:: Raw data ::
• • • • •

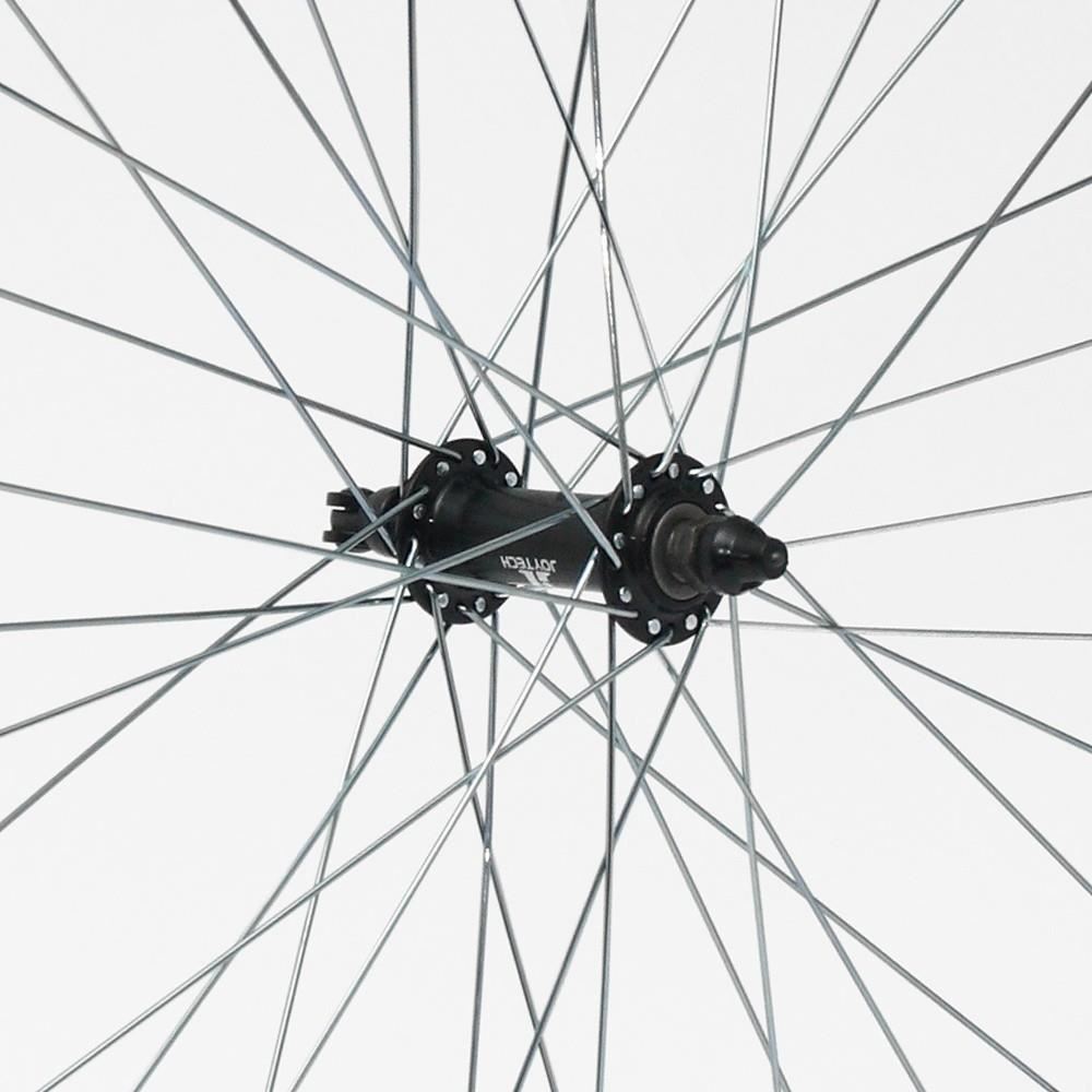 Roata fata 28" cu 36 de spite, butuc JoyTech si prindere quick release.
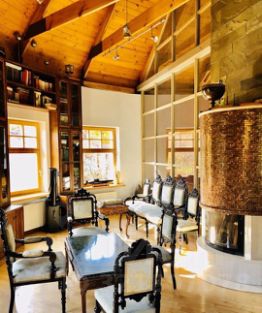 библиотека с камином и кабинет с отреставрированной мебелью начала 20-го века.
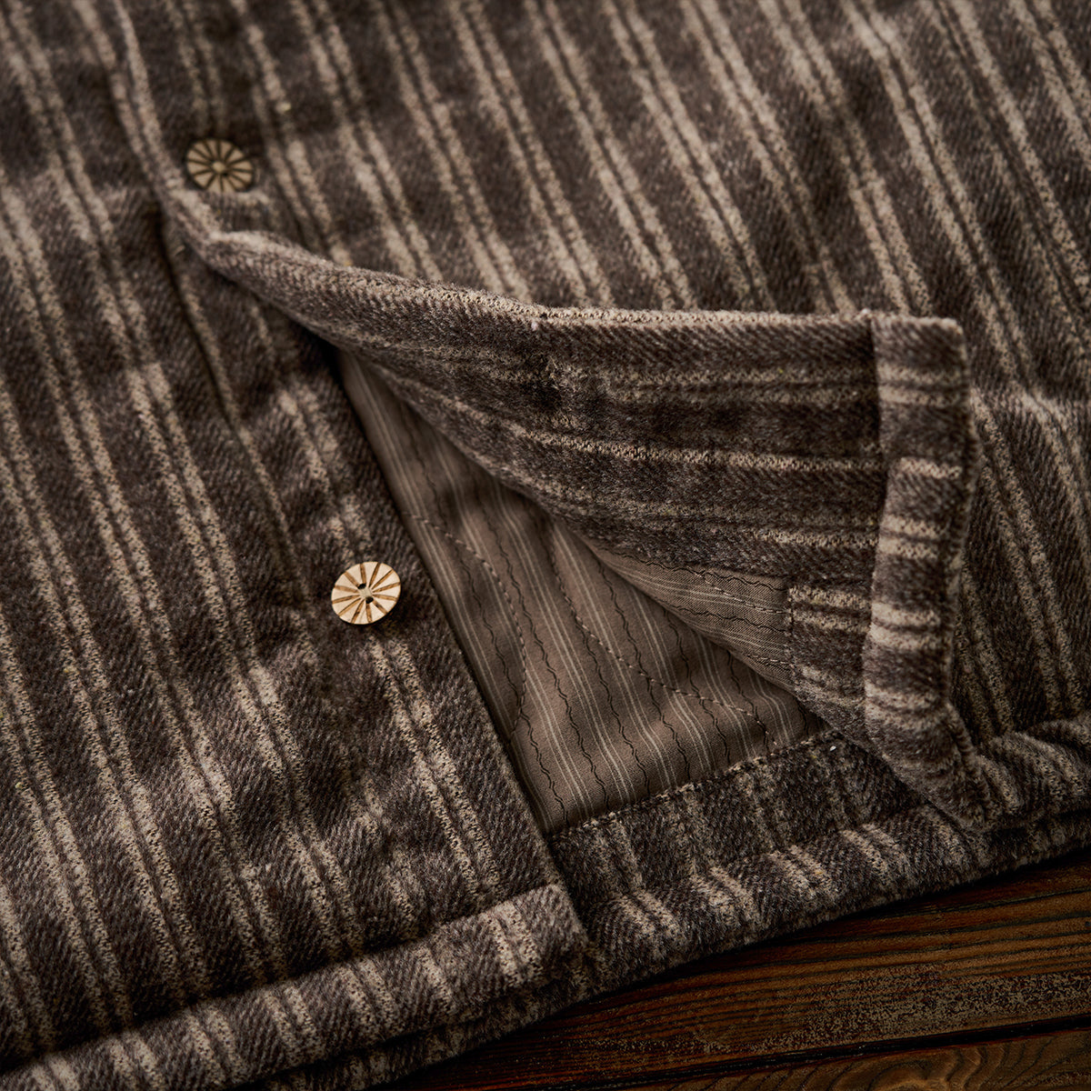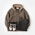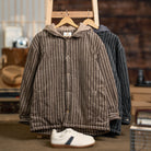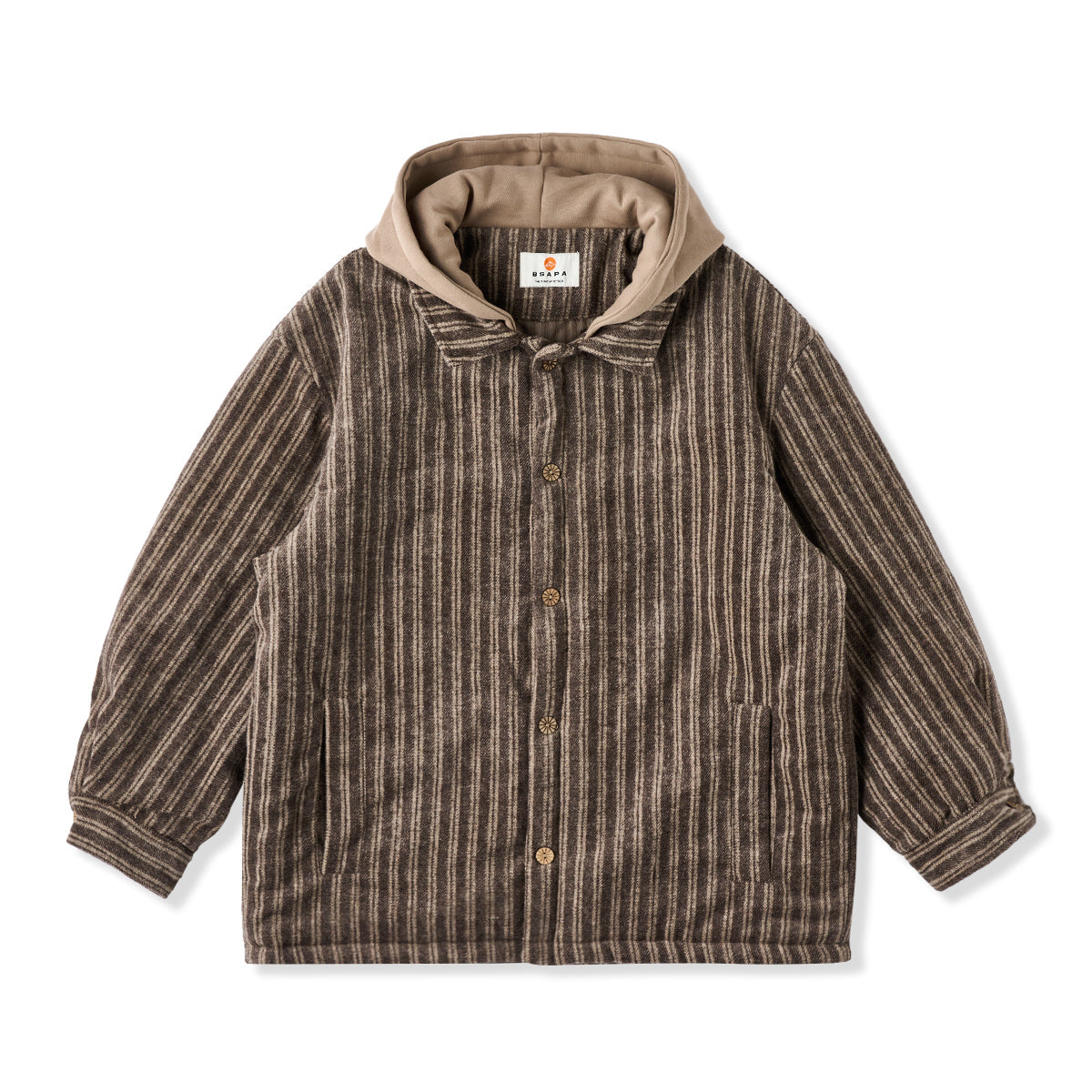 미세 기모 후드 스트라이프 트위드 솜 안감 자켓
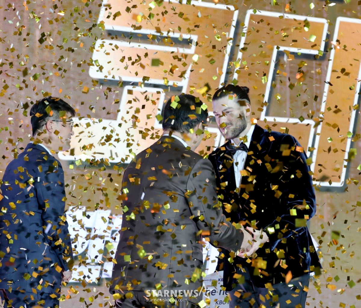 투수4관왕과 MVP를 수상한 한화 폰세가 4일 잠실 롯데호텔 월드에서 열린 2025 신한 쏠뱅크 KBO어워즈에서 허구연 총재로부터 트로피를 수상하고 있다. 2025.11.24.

• • • • •

:: Exercise ::
Please leave the images out and retype the rest of the material exactly.

:: Exercise response ::
 Roata fata 28" cu 36 de spite, butuc JoyTech si prindere quick release.
 библиотека с камином и кабинет с отреставрированной мебелью начала 20-го века.
 미세 기모 후드 스트라이프 트위드 솜 안감 자켓
 투수4관왕과 MVP를 수상한 한화 폰세가 4일 잠실 롯데호텔 월드에서 열린 2025 신한 쏠뱅크 KBO어워즈에서 허구연 총재로부터 트로피를 수상하고 있다. 2025.11.24.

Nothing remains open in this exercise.